= Hermann Senftleben =

German physicist

Hermann Senftleben (April 8, 1890, in Bremen – 1975 in Recklinghausen) was a German physicist and physical chemist.

== Education and life ==
Senftleben was born in Bremen. After graduating from the König-Wilhelm-Gymnasium in Breslau, Senftleben studied physics at the University of Breslau and received his doctorate with Rudolf Ladenburg. The dissertation was about the glow of flames, which he attributed in part to light scattering from small particles in the flame. He was then an assistant in Breslau (with Carl Hintze, Arnold Eucken and Otto Lummer) and Marburg (with Clemens Schaefer), where he habilitated in 1924 and became a privatdozent at University of Marburg. From 1935 until his retirement in 1958 he was a full professor at the University of Münster. He also conducted research there from 1946 to 1961 as an employee at the Marl Chemical Park.
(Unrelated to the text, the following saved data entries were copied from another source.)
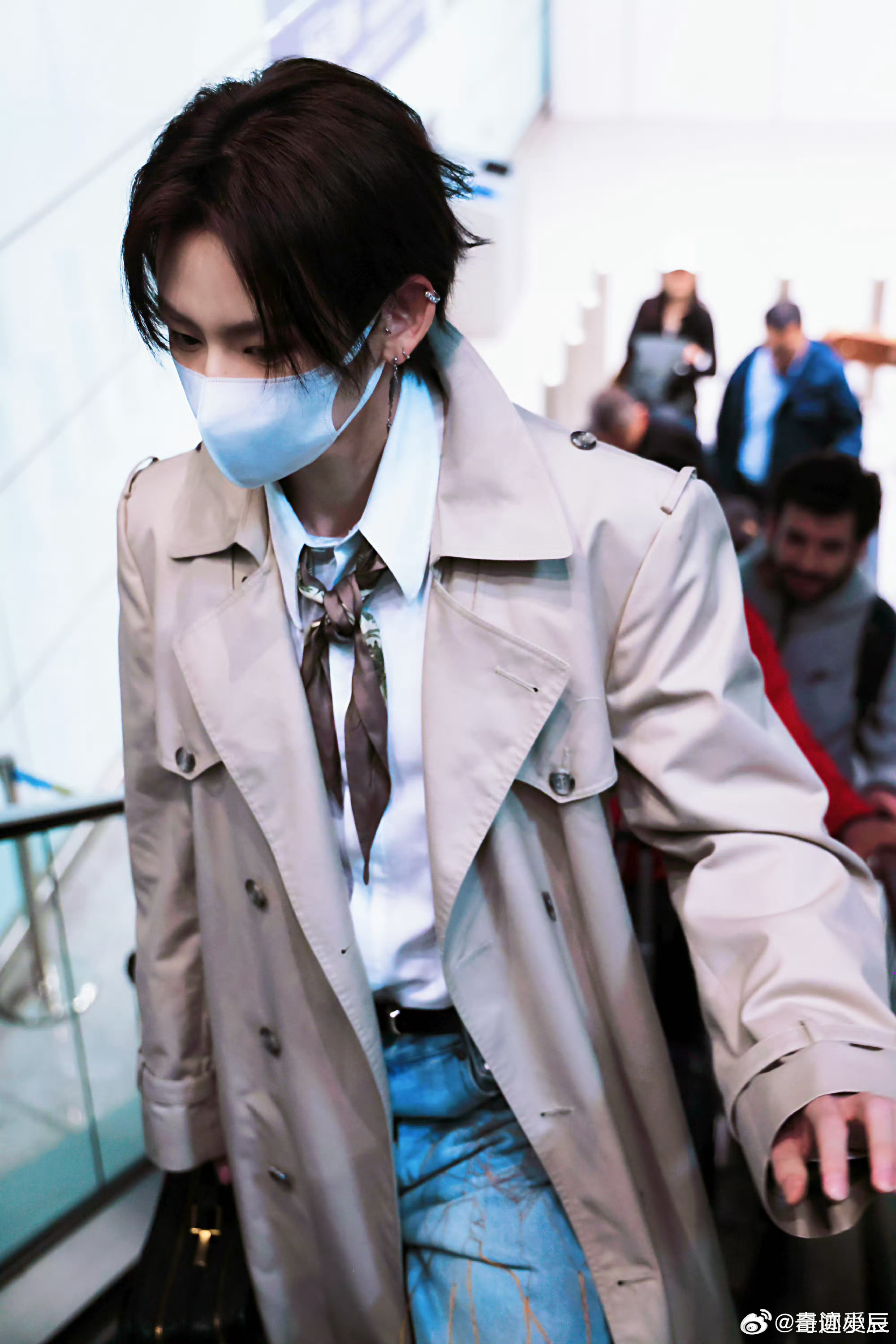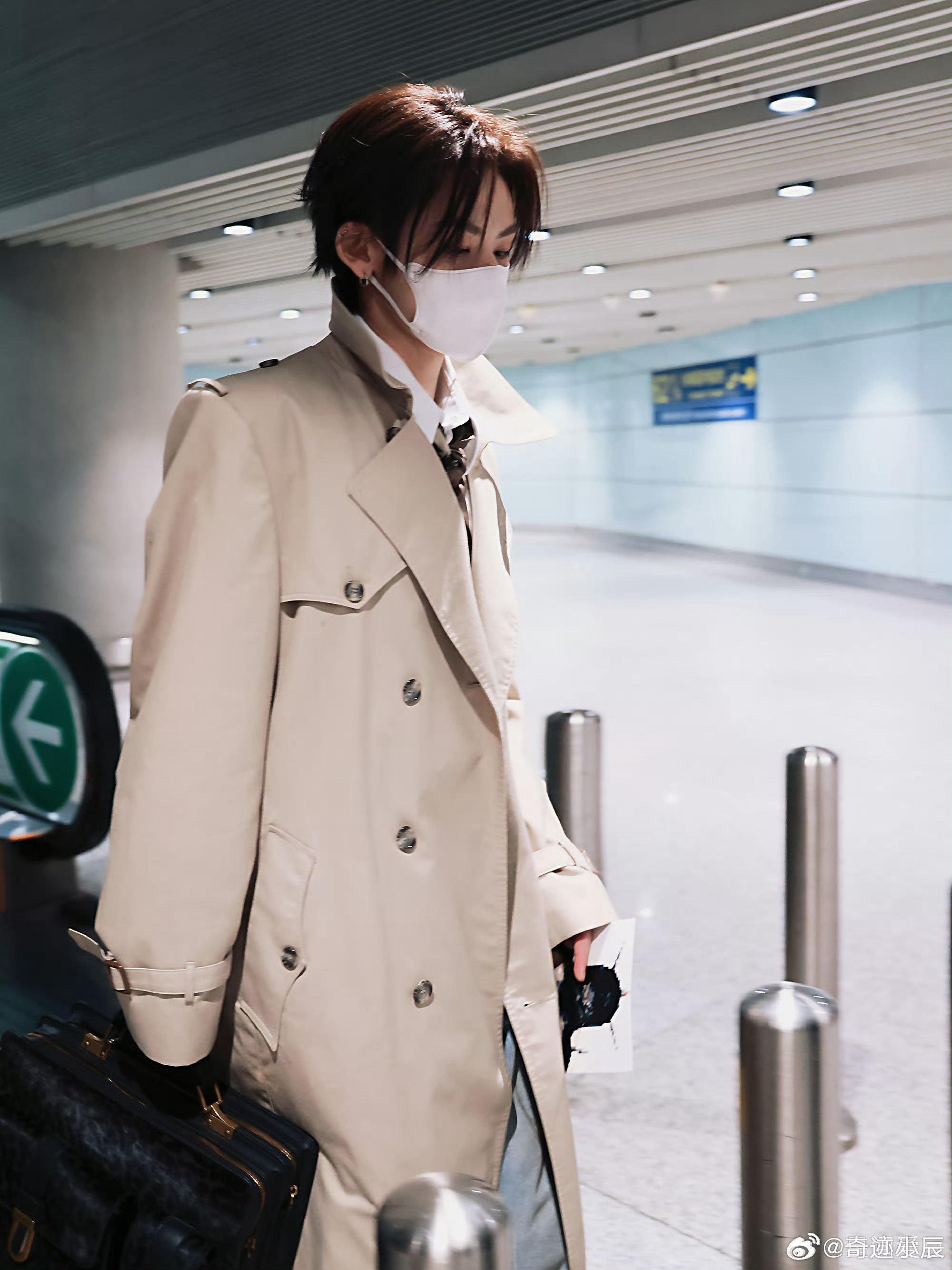 小鬼路透机场变秀场小鬼机场造型鲨疯全场,风衣衬衫+公文包复古又时髦,口罩都遮不住高颜值,每一步都自带气场,直接帅晕路人!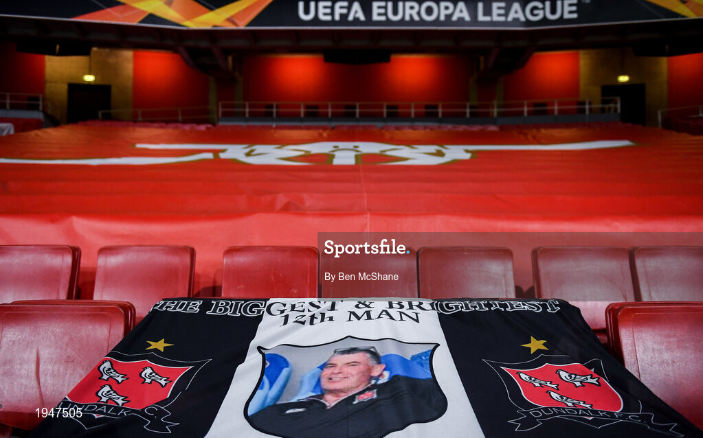 29 October 2020; A banner in commemoration to the late Dundalk team videographer Harry Taaffe in the stadium prior to the UEFA Europa League Group B match between Arsenal and Dundalk at the Emirates Stadium in London, England. Photo by Ben McShane/Sportsfile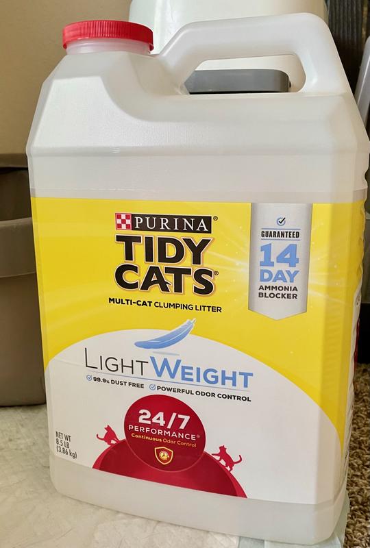 Tidys Instant Action LightWeight cat litter traps odor from the start prevents ammonia odor later AND its half the weight compared to leading clumping litter. Ammonia Blocker prevents ammonia odor from forming for. Jugs - Purina Tidy Cats Low Dust Clumping Cat Litter LightWeight Glade Clear Springs Multi Cat Litter.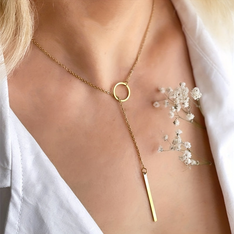 Elegant 14K gold plated circle pendant necklace. Adjustable length perfect for a clavicle chain. Versatile piece suitable for any occasion.
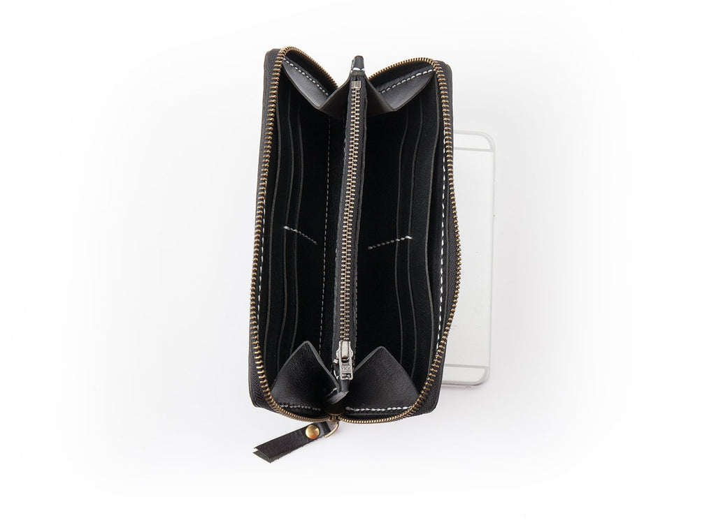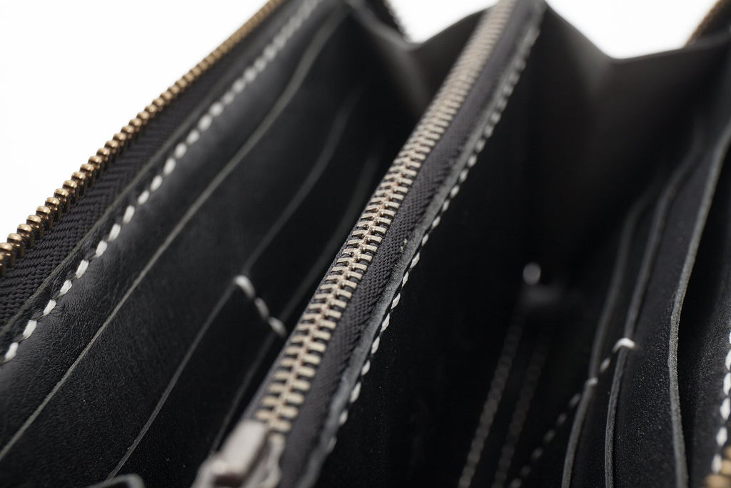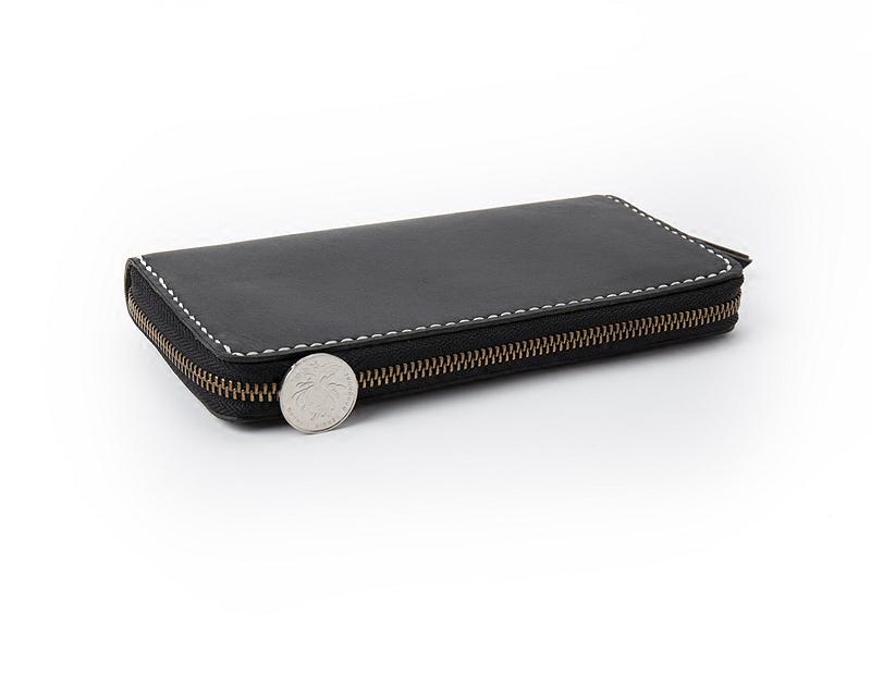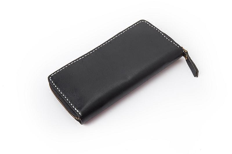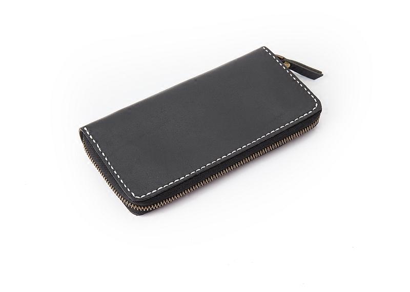 Design: Black Handmade Leather Mens Long Wallet Bifold Card Wallet Coin Purse For Men

Stimulated by Eucken, he turned to physical chemistry in the 1930s. Among other things, he researched on the direct proof of the dissociation of molecules by collisions of the second kind, the course of the reaction in the production of hydrogen and the electron affinity of oxygen. In particular, however, he investigated the conduction of heat in gases.

The Senftleben-Beenakker effects are named after him and Jan Beenakker, the influence of electric and magnetic fields on the transport properties (thermal conductivity, viscosity) of molecular gases.